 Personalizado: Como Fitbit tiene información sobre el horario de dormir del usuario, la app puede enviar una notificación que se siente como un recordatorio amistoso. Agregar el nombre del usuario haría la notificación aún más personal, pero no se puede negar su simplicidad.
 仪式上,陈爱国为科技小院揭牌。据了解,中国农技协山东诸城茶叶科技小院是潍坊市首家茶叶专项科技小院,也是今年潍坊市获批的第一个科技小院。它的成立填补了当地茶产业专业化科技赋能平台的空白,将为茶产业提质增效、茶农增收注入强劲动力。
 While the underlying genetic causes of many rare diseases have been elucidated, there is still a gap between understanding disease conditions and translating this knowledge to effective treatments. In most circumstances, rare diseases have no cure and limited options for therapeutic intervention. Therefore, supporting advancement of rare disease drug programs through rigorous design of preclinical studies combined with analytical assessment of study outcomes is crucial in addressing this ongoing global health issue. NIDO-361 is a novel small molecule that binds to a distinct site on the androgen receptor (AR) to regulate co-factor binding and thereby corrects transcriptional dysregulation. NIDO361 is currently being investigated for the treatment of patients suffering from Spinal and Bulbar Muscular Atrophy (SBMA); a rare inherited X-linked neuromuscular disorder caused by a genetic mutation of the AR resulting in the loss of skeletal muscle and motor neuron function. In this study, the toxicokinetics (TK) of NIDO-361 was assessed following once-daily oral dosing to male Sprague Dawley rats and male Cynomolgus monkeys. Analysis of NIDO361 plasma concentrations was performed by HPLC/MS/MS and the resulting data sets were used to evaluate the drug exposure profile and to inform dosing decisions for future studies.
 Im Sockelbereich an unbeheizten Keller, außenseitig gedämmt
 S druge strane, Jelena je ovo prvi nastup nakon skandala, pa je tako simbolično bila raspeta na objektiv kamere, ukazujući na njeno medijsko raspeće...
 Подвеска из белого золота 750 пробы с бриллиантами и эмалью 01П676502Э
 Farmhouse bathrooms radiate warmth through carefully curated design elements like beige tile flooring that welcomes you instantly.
--- --- ---
== EXERCISE GOAL ==
Your reply must be one number, namely how many lines of the material above contain the string "design".

== WRITTEN RESPONSE ==
2